И потихоньку вернулся в часовню. Снова он представился Христом, провел там ночь и больше оттуда не уходил.

Его искушали голодом, страхом, насмешками. Все напрасно. Наконец его оставили в покое, как бедного сумасшедшего, который никому не приносит вреда.

Теперь ему приносят кто масло для лампадки, кто поесть и попить; некоторые кумушки называют его святым и просят помолиться за них и за близких; кто-то сшил ему новое рубище, не такое грубое, как старое, а взамен попросил назвать три числа для игры в лото.

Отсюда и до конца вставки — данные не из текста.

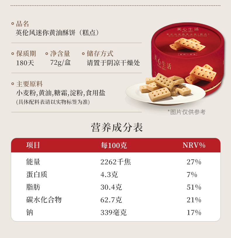 美心生活海盐金沙迷你黄油酥饼72g/051809 咸香酥脆匠心烘焙

Погонщики, которые по ночам проходят по дороге, привыкли к лампадке, горящей в часовне, замечают ее издалека с удовольствием; они ненадолго останавливаются поболтать с беднягой Христом, который благосклонно улыбается их грубоватым шуткам, потом они уходят, стук повозок затихает мало-помалу в тишине, и бедняга Христос засыпает или выходит по нужде, не думая в этот момент, что он подобен Христу в рубище из мешка и красном плаще.

Частенько какой-нибудь сверчок, привлеченный светом, прыгает на него и внезапно будит. Тогда он принимается за молитву, но нередко другой сверчок, стародавний сверчок-певун, просыпается в нем. Спатолино снимает с головы терновый венец, к которому уже привык, и, почесывая места, где шипы оставили отметины, поглядывая вокруг блуждающим взором, начинает насвистывать;

— Фи-фи-фи… фи-фи-фи… фи-фи-фи…

1903
Перевод И. Соболевой

В ЗАЩИТУ МЕОЛЫ

Сколько раз говорил я своим землякам, жителям Моителузы[66] чтобы они не осуждали так, сгоряча, Меолу, если не хотят запятнать себя самой черной неблагодарностью.

Меола украл.

Меола разбогател.

Меола, чего доброго, станет завтра давать деньги в рост.

Верно. Но поразмыслим, синьоры мои, у кого и для чего похитил Меола. Поразмыслим и о том, что польза, которую извлек сам Меола из этого похищения, ничто в сравнении с той пользой, которая воспоследовала из этого для любезной нашему сердцу Монтелузы.

Что касается меня, то я не могу допустить, чтобы мои земляки, которым известна лишь одна сторона дела, продолжали осуждать Меолу, делая тем самым для него пребывание в наших краях весьма затруднительным, если не сказать — невозможным.

Вот почему в этот час я и взываю к справедливости всех либерально настроенных, беспристрастных и здравомыслящих людей Италии.

Одиннадцать лет мы, жители Монтелузы, находились во власти мучительного кошмара — с того самого злополучного дня, когда его преосвященство Витанджело Партанна интригами и происками могущественных прелатов в Риме был назначен нашим епископом.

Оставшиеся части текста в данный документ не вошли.